Liability of Board Members for Infringing Damages to Corporation: Current Practice and Perspectives of Regulation
Abstract
The article is devoted to the liability of members of the board of directorate in legal entities for losses incurred by organizations or driving them into bankruptcy in Russia. The research seems to be important because of increased attention to corporate governance issues during the period of rising insolvencies and cases of bringing directors of the company to liability. Still the director’s offense in the situation of causing only damages and bringing the company to insolvency seem to be the same: breaching of duty to act reasonably and in good faith. The authors emphasize that current legislation does not provide clear mechanisms for establishing grounds for directors’ liability, complicating differentiation between “good faith errors” and abuses. One of the most debatable issues in the field concerning director’s liability is the problem of evaluation of sufficiency of director’s actions to meet the standard of good faith and reasonableness while approving a transaction.
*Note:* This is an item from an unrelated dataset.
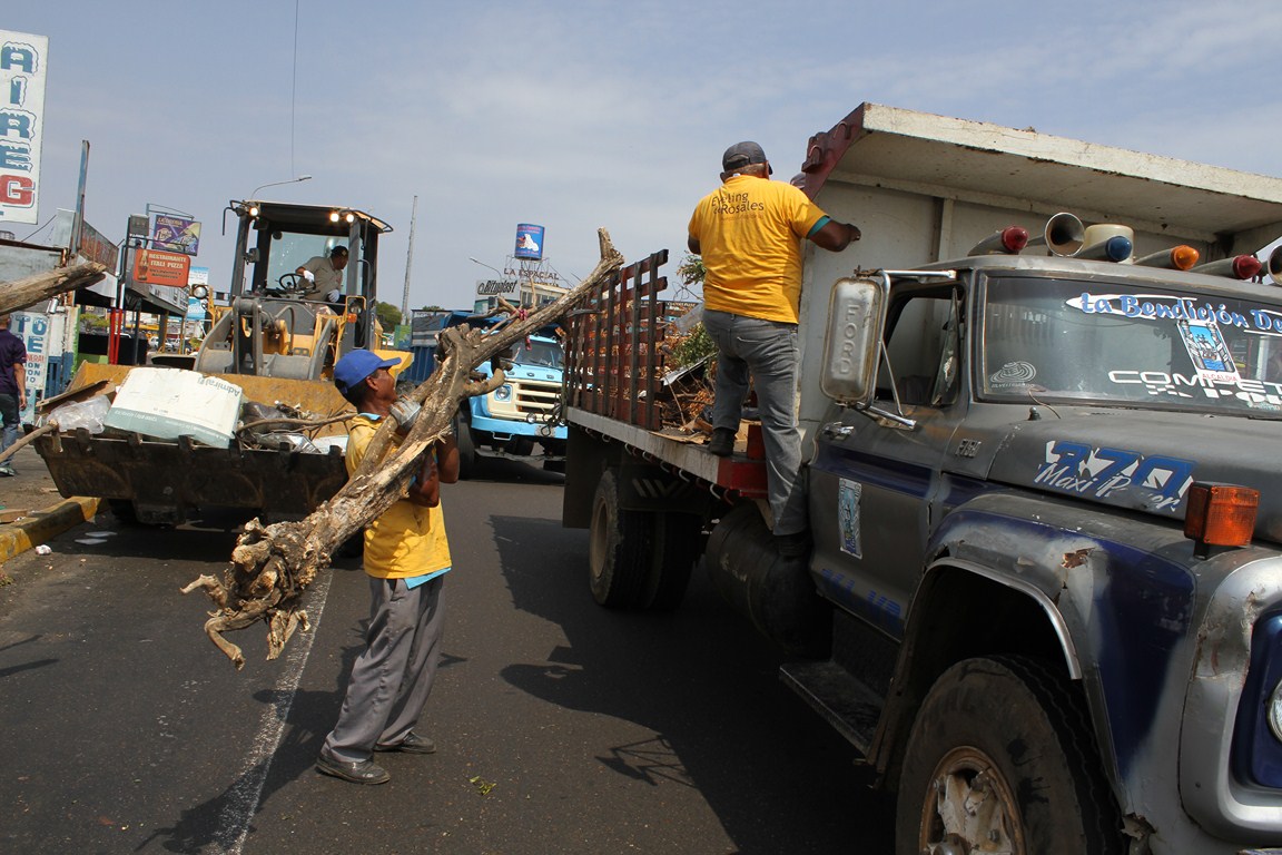 Indicó que estas labores son apoyadas por unidades compactadoras pertenecientes al Instituto Municipal de Aseo Urbano (Imau) y camiones volteos 350 de la Dirección de Servicios Públicos, todo con el propósito de abrir las arterias viales afectadas y permitir el libre tránsito en la ciudad de Maracaibo.

Difficulties also arise when proving facts of “culpable inaction,” and distinguishing between concepts such as “reasonable risk-taking” and “unreasonable behavior.” The paper contains an analysis of judicial practice, highlighting variations in courts’ approaches to determining directorial responsibility–from strict personalization of accountability to justifying their actions based on procedural compliance and formal competency limitations. Researchers propose developing detailed criteria for evaluating the conduct of board members tailored specifically to collective decision-making bodies, differing from universal requirements applicable to individual executives. The article reveals key legal barriers impeding effective functioning of the institution of board member liability and offer directions for future research and development of legal regulation of corporate governance.